Thanks for the quick response.


----------



## Michael D'Angelo (Oct 21, 2006)

Here is a bunch of them. All different amounts of outputs and there is 10/100 or 10/100/1000 depending what you need.

http://www.newegg.com/store/SubCategory.aspx?SubCategory=30&Tpk=network+switch


----------



## dmurphy (Sep 28, 2006)

davemayo said:


> Bear with me if this is a dumb question...
> 
> I have a relatively old HP LaserJet printer that has a network card installed. I have a wired and wireless home network, I have a desktop computer connected to the wired network and a wireless router for my wireless network. Currently I have the printer plugged directly into my wired network using a jack in the laundry room.

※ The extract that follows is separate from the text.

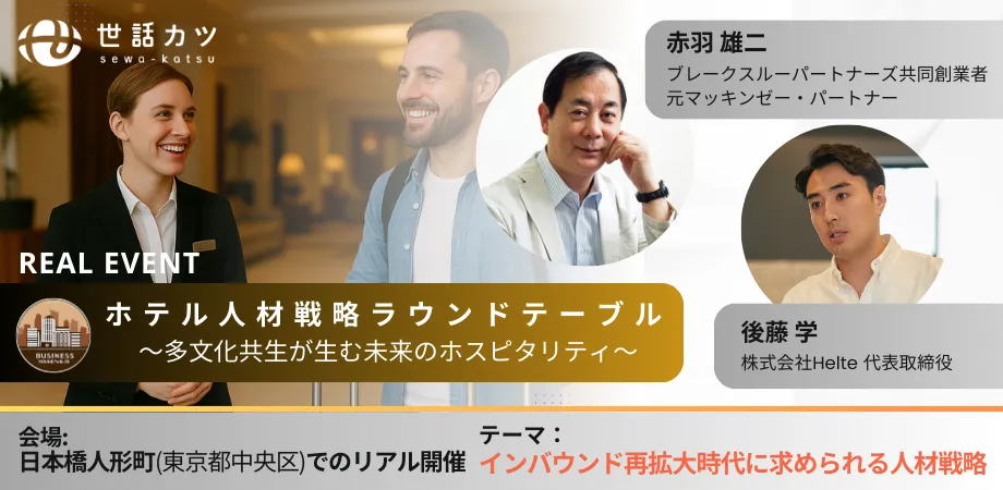 近年、ホテル業界では外国人材の活用が新たな流れとなりつつあります。コロナ禍を経て再び高まるインバウンド需要に伴い、多くの企業が国内の人材不足を感じています。これを受け、株式会社Helteが主催する「ホテル人材戦略ラウンドテーブル」では、赤羽雄二氏をゲストに迎え、外国人材を如何にして効果的に活用するかをテーマにした全4回のオンラインイベントを開催します。

I want to move the printer to my home office but I only have a single network jack in that room, which is being used by the desktop computer to have internet access.
> 
> ...


An alternate is to use a pair of Ethernet Splitters, as you originally suggested. You'd need one in the home office and one whereever the other end is, but yes, it would work up to 100-mbit speeds. They aren't compatible with gigabit speeds.

Something like these would work.

It's ugly, but perfectly workable.


----------



## davemayo (Nov 17, 2005)

dmurphy said:


> An alternate is to use a pair of Ethernet Splitters, as you originally suggested. You'd need one in the home office and one whereever the other end is, but yes, it would work up to 100-mbit speeds. They aren't compatible with gigabit speeds.
> 
> Something like these would work.
> 
> It's ugly, but perfectly workable.


Thanks.

If I use a switch like BMore mentions, is it plug and play? Or, do I have to configure it to work on my network? I have one router in my basement where my cable modem output is split to 8 rooms in my house. When I got my wireless router, I had a devil of a time getting that working because it was trying to use the same IP address as the router in the basement. So, if I use one of these switches, will I have to configure it to use yet a third IP address so it won't conflict with the other two routers, or will it figure that out on its own?


----------



## Michael D'Angelo (Oct 21, 2006)

davemayo said:


> Thanks.
> 
> If I use a switch like BMore mentions, is it plug and play? Or, do I have to configure it to work on my network? I have one router in my basement where my cable modem output is split to 8 rooms in my house. When I got my wireless router, I had a devil of a time getting that working because it was trying to use the same IP address as the router in the basement. So, if I use one of these switches, will I have to configure it to use yet a third IP address so it won't conflict with the other two routers, or will it figure that out on its own?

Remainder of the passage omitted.